**EXERCISE OBJECTIVE**
Pictures do not belong in your copy. Repeat all the other data exactly.

**RECORDED DATA**

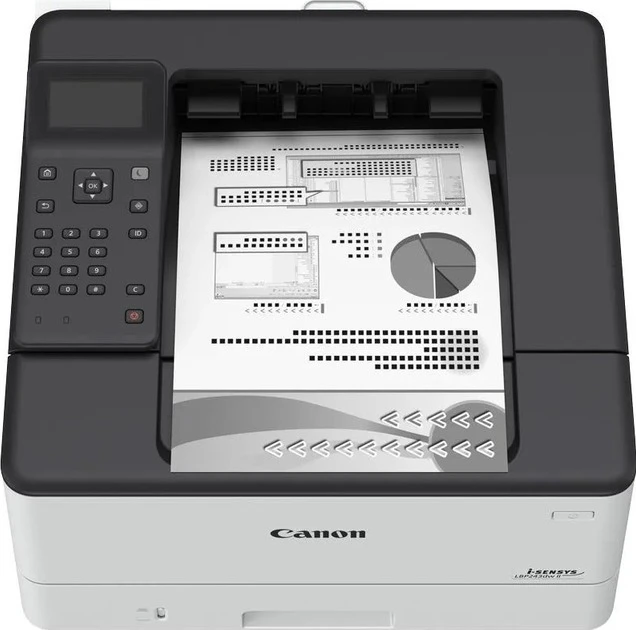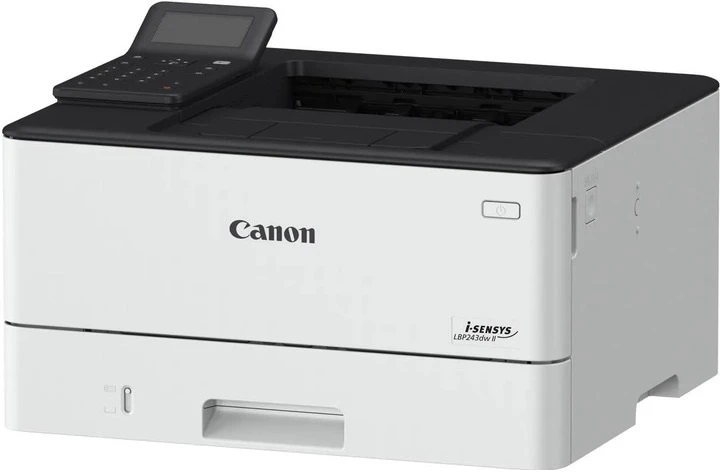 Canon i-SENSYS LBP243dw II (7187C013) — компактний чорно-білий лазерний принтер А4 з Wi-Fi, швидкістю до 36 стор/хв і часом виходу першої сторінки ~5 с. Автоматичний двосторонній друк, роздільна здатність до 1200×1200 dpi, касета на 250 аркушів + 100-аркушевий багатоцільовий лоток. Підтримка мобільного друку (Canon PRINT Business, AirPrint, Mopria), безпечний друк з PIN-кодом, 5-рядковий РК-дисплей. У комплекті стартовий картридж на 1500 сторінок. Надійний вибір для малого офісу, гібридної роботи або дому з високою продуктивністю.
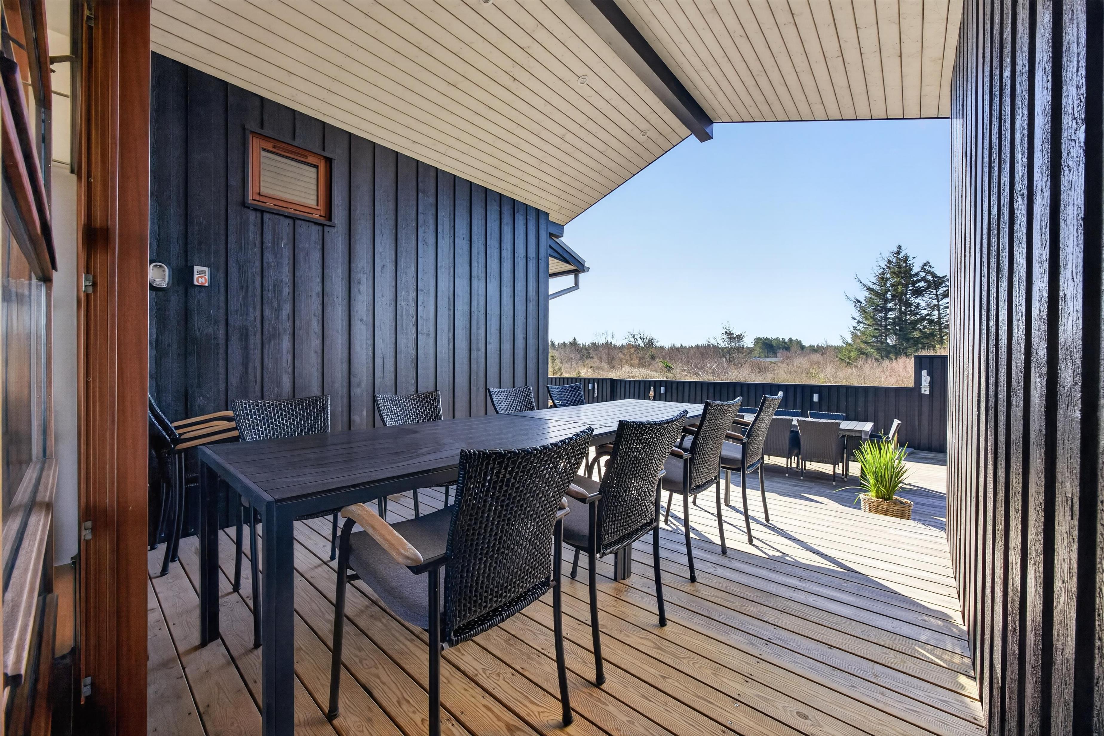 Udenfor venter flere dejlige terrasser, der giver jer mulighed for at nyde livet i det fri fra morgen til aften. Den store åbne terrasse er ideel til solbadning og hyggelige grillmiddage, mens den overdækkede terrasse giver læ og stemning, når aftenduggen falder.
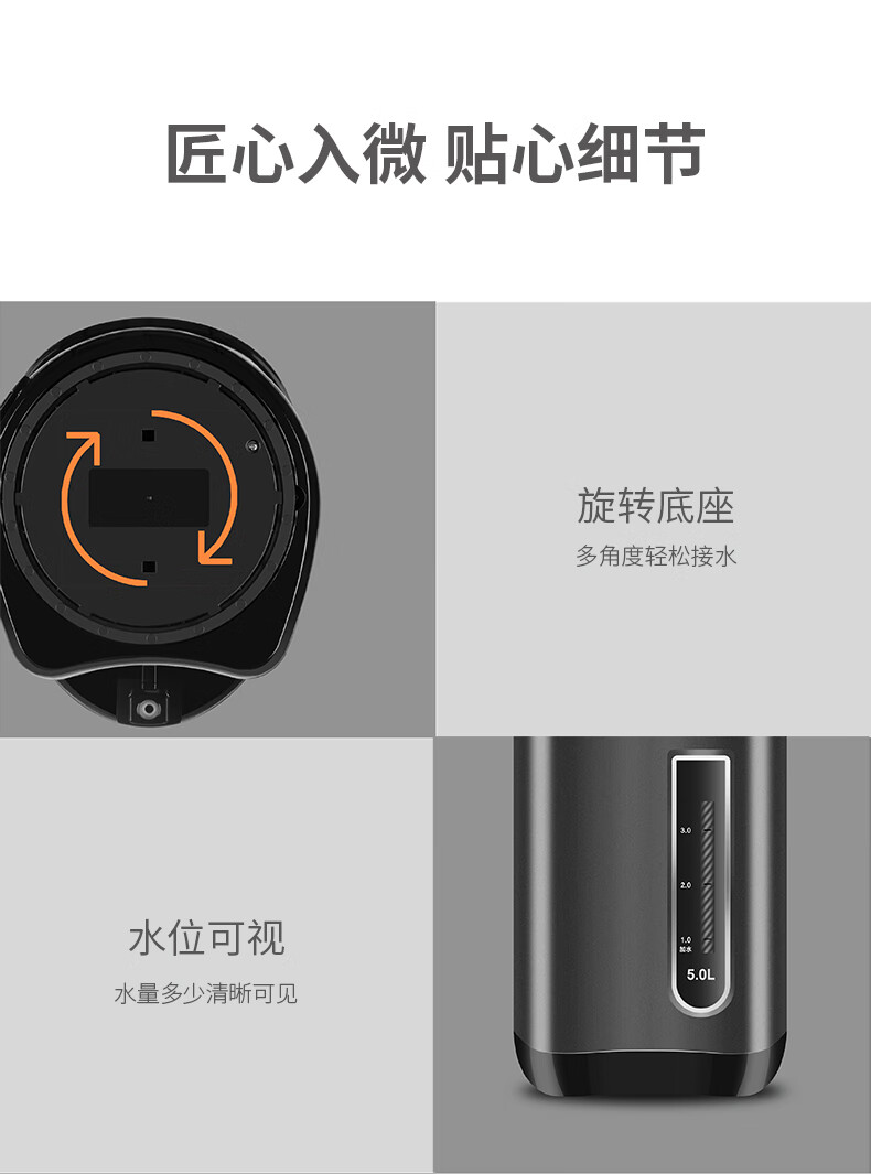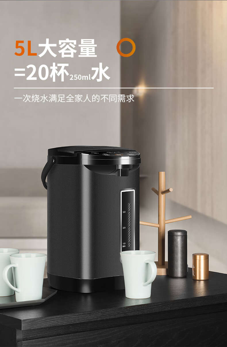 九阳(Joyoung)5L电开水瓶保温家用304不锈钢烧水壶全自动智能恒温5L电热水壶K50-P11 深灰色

**ANSWER FOR THIS EXERCISE**
 Canon i-SENSYS LBP243dw II (7187C013) — компактний чорно-білий лазерний принтер А4 з Wi-Fi, швидкістю до 36 стор/хв і часом виходу першої сторінки ~5 с. Автоматичний двосторонній друк, роздільна здатність до 1200×1200 dpi, касета на 250 аркушів + 100-аркушевий багатоцільовий лоток. Підтримка мобільного друку (Canon PRINT Business, AirPrint, Mopria), безпечний друк з PIN-кодом, 5-рядковий РК-дисплей. У комплекті стартовий картридж на 1500 сторінок. Надійний вибір для малого офісу, гібридної роботи або дому з високою продуктивністю.
 Udenfor venter flere dejlige terrasser, der giver jer mulighed for at nyde livet i det fri fra morgen til aften. Den store åbne terrasse er ideel til solbadning og hyggelige grillmiddage, mens den overdækkede terrasse giver læ og stemning, når aftenduggen falder.
 九阳(Joyoung)5L电开水瓶保温家用304不锈钢烧水壶全自动智能恒温5L电热水壶K50-P11 深灰色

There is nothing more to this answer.